Your copy should start at the line with "nhất của Viettel" and end at the line with "Die Politik sollte" in the data below. Transcribe only those lines, exactly, pictures excluded.

» Data provided:
:::::

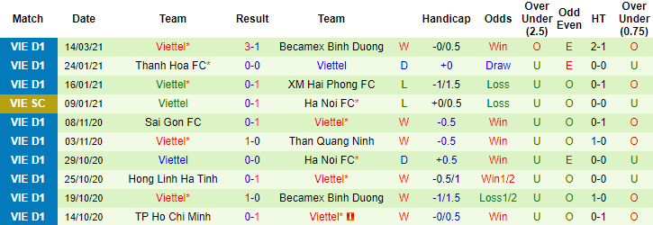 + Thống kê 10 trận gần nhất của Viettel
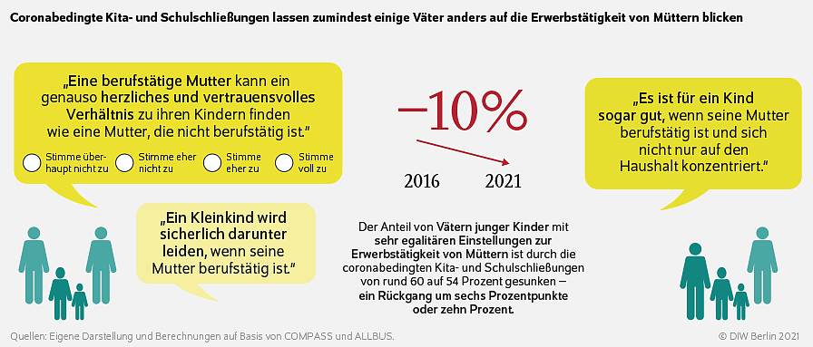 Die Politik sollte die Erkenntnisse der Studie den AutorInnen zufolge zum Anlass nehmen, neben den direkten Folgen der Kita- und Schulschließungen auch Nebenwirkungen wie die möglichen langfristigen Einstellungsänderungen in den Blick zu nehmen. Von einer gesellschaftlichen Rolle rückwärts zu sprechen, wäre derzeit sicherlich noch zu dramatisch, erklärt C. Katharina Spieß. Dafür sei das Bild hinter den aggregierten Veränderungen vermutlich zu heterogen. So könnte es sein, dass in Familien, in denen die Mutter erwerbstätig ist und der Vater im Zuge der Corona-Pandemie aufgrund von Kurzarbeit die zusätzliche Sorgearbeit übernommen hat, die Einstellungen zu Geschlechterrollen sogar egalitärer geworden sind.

:::::

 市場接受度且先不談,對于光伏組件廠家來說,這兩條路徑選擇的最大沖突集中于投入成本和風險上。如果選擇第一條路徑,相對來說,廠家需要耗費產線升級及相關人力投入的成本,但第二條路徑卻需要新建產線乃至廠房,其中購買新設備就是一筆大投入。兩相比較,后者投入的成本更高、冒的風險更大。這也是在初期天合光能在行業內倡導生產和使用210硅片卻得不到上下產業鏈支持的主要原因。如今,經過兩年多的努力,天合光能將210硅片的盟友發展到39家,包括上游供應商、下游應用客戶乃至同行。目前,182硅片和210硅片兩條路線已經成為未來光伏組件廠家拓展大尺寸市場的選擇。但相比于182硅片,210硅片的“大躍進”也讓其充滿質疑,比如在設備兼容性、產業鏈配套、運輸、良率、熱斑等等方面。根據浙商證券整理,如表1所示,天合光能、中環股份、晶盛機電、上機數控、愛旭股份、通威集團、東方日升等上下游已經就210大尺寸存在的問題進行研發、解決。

:::::

» Task answer:
 + Thống kê 10 trận gần nhất của Viettel
 Die Politik sollte die Erkenntnisse der Studie den AutorInnen zufolge zum Anlass nehmen, neben den direkten Folgen der Kita- und Schulschließungen auch Nebenwirkungen wie die möglichen langfristigen Einstellungsänderungen in den Blick zu nehmen. Von einer gesellschaftlichen Rolle rückwärts zu sprechen, wäre derzeit sicherlich noch zu dramatisch, erklärt C. Katharina Spieß. Dafür sei das Bild hinter den aggregierten Veränderungen vermutlich zu heterogen. So könnte es sein, dass in Familien, in denen die Mutter erwerbstätig ist und der Vater im Zuge der Corona-Pandemie aufgrund von Kurzarbeit die zusätzliche Sorgearbeit übernommen hat, die Einstellungen zu Geschlechterrollen sogar egalitärer geworden sind.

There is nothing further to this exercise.